PUMPING IRONY: Curiosity and Its Consequences

You might say it’s curious that the scientific community has spent so much of its intellectual energy exploring the relationship between curiosity and aging while producing so little in the way of useful information.

Everyone from Ivan Pavlov to B. F. Skinner seems to have weighed in on the topic at some point; William James once called it “the impulse towards better cognition.” Yet their combined musings have only generated a tepid consensus suggesting that we naturally become gradually less curious as we grow older. It’s not that seniors have figured everything out, the thinking goes; it’s just that we’re no longer inspired to put forth the investigative efforts of our youth.

It may be a little more complicated than that, says UCLA psychologist Alan Castel, PhD.

“The psychology literature shows that oftentimes what’s known as trait curiosity, or a person’s general level of curiosity, tends to decline with age,” Castel explains. “But we thought that was a little bit strange and went against some of the things we saw in some of the older adult participants in our experiments.”

The key to understanding how curiosity evolves as we age, he argues, is recognizing that it surfaces both as a personality trait and as a response to a specific situation or state. In a report published last week in the journal PLOS One, Castel and his colleagues measured both types of curiosity among 2,000 study participants ranging in age from 20 to 84 and concluded that older adults were not nearly as incurious as earlier research has suggested.

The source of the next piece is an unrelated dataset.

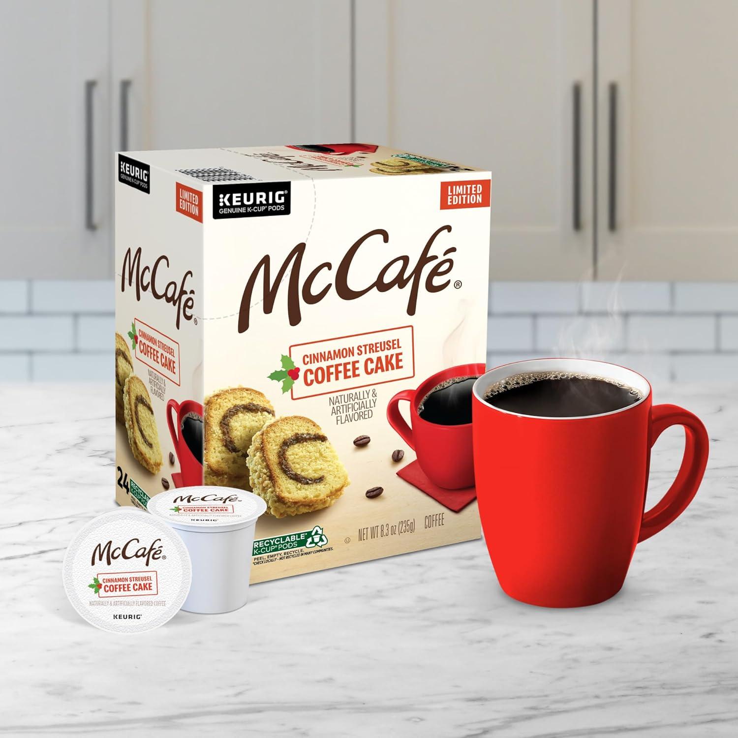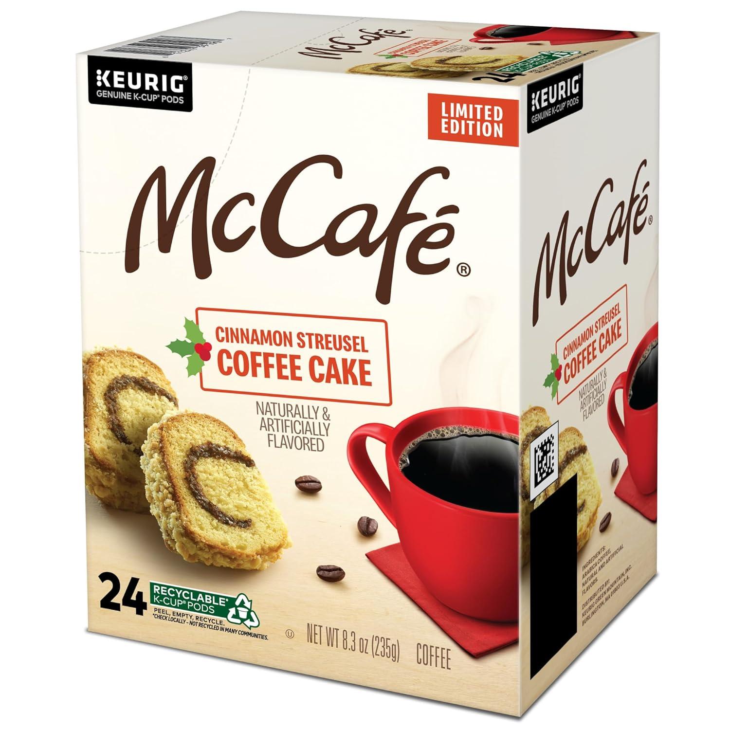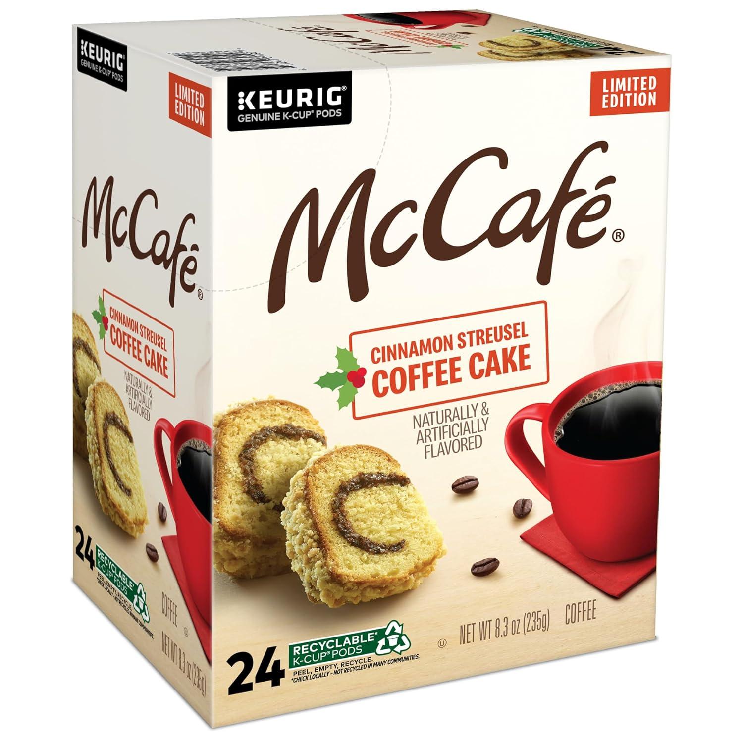 Discover an abundance of freshly baked flavor in every delicious sip. The warming notes of cinnamon and delightful brown sugar finish make this limited-edition blend the perfect sweet reward for any winter's day. We start with 100% premium Arabica coffee beans, carefully harvested from the rich soils and mountainous regions of the foremost coffee-growing areas of the world. Then we expertly roast them in a temperature-controlled environment to bring out the best taste in every cup, every time. Brew a cup of McCafé Cinnamon Streusel Coffee Cake in all Keurig systems. To keep the good going, we use only responsibly sourced coffee. That means we support a healthier planet and an improved quality of life for farming communities. This package contains light roast, caffeinated coffee from 100% Arabica beans. They have been certified Orthodox Union Kosher. With this purchase, you can be assured of premium quality. Simple. Delicious. Brew good by the cupful.
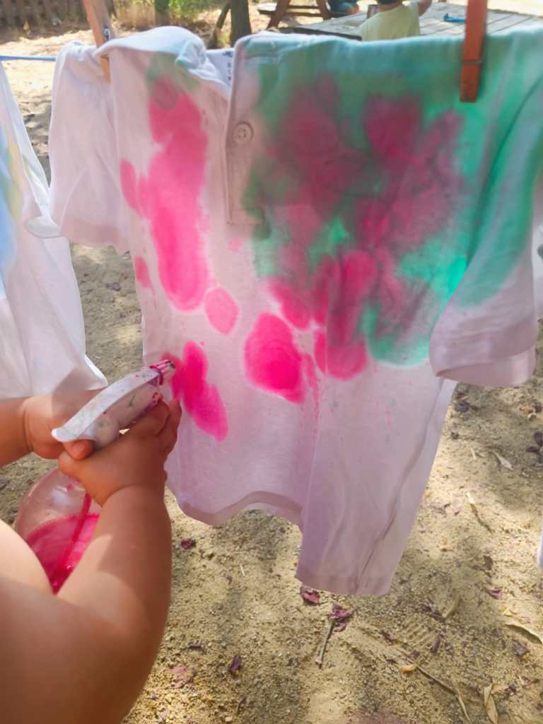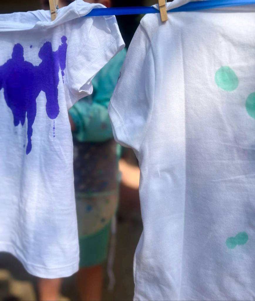 Pintem samarretes utilitzant la tècnica de l’esprai amb aigua i pintura de roba. Han quedat unes samarretes molt creatives!

Analyzing participants’ responses to a personality-oriented questionnaire, researchers concluded that trait curiosity — a measure of inherent inquisitiveness — did indeed tend to decline among the older respondents. But when asked to answer difficult trivia questions, those seniors were more likely than younger participants to show an interest in learning the correct answers before they were revealed. This indicated a higher level of state curiosity, researchers concluded.

Individuals typically display both types of curiosity, Castel notes, and those blessed with higher levels of trait curiosity also tend to exhibit more of the state variety. But, overall, the former type often dissipates as we grow beyond middle age, when we’re less focused on accumulating knowledge to support career, family, and other priorities. Our inherent urge to investigate becomes … well, less urgent.

“Our findings fit with some of my work on selectivity theory, which is that as we get older, we don’t want to stop learning; we’re just more selective about what we want to learn,” he says. “You see this in the context of lifelong learning: A lot of older adults will go back to take classes or pick up hobbies or engage in bird watching. I think it shows that this level of curiosity, if maintained, can really keep us sharp as we age.”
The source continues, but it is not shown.